To be exceedingly reductive, Wings of the Dove is about Milly Theale and a plot to steal her fortune. Milly is moneyed because everyone else in her family has died (individually, and probably tragically, but that’s all the data you get, Greedy Reader) and Milly herself is slowly dying (of something. She doesn’t want to know what, everyone else is too polite to ask of what. Except for, apparently, you, you nosy thing). It’s all very intentionally vague.
Meanwhile, Merton Denscher and Kate Croy are un-rich and in love. Not adorably un-rich, but realistically un-rich, like, Huh. We are un-rich, and likely to always be un-rich. Enter Milly (plus fortune). Kate is all *meaningful glance* and Merton is all *I think I get what you’re getting at but really I don’t* and it isn’t until some 500 pages in that Kate is all You marry her and then she dies and we are rich. And Merton is like, Oh.
And this is what I mean by that plot summary being reductive, because if the plot doesn’t show up until then, what are the first 500 pages doing? They are meandering, pleasantly but rather bafflingly. This hasn’t happened to me with a book in ages, but whole paragraphs will pass where I have no idea what is going on. Not because of some Bourne-Identity-style wtf-ery, but because sometimes I misplace the sentence’s subject and/or verb. James is labyrinthine, yo.
Un ejemplo: ‘The impression – all the sharp growth of the final few moments – was neither more nor less than that she might make, of a sudden, in quite another world, another straight friend, and a friend who would moreover be, wonderfully, the most appointed, the most thoroughly adjusted of the whole collection, inasmuch as he would somehow wear the character scientifically, ponderably, provably – not just loosely and sociably.’
You can’t just plow through sentences like that. You have to wallow in them, because that’s what Henry James is. In the same way that Philippa Gregory is just a steaming pile of plot, James is almost completely made of prose and setting and character. I mean, things happen. But they happen eventually, at a lovely, decorative snail’s pace.
And ‘vague’ is the soup of the day. There’s a great deal of, She looked at him intently and he immediately gathered the depths of her meaning, and you’re all *raises hand* I would also like to be gathering the depths of this meaning? Please speak plainly.

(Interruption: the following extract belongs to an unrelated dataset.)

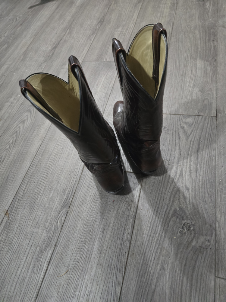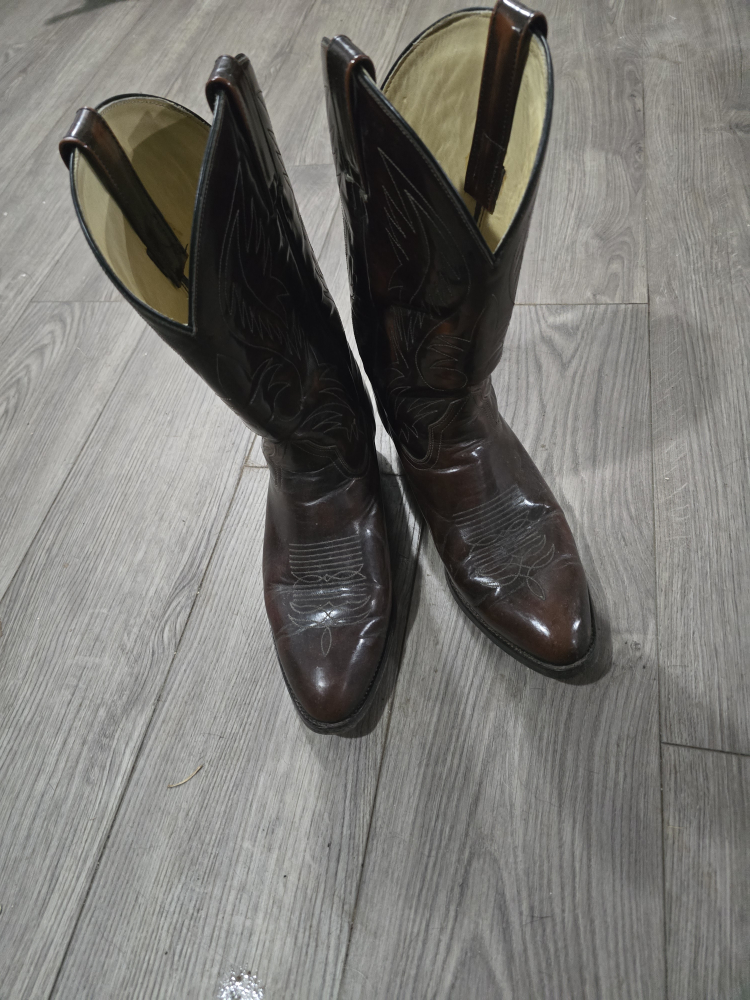 Buy & SellBrown Leather Cowboy BootsBrown Leather Cowboy Boots$75Brown leather cowboy boots with a pointed toe. The boots have a slight heel and are in good condition. ConditionGoodSize10WHERE TO MEETCheck LocationView MapSELLERverifiedmistyWooler600 reviews0 chats·0 favorites·21 viewsSEND CHAT TO SELLERHi misty! I’m interested in your listing.Hi misty! I’m interested in your listing.Get the Karrot app to chatSign In to chat

This circumlocution, combined with some pretty hefty scruples, gets psychologically noodling. I mean, the whole deception is only achieved, despite Denscher’s scrupulous inability to tell a direct lie, by everyone else’s scrupulous inability to ask direct questions. This sort of fine attention to decorum is (along with a name like ‘Merton Denscher’) completely foreign to my 21st century North American brain. My generation feels like it’s rude not to ask exceedingly personal questions, and now I feel like we’ve lost the fine discerning ability to intuit things.
Whenever someone says that a book repays effort I’m all THAT IS CODE FOR ‘TOO HARD’! But The Wings of the Dove repays effort, and I liked it. I had to turn off the radio, and couldn’t be planning dinner while I was reading (shut it, you totally do that too) but when all of my brains were engaged it was very excellent.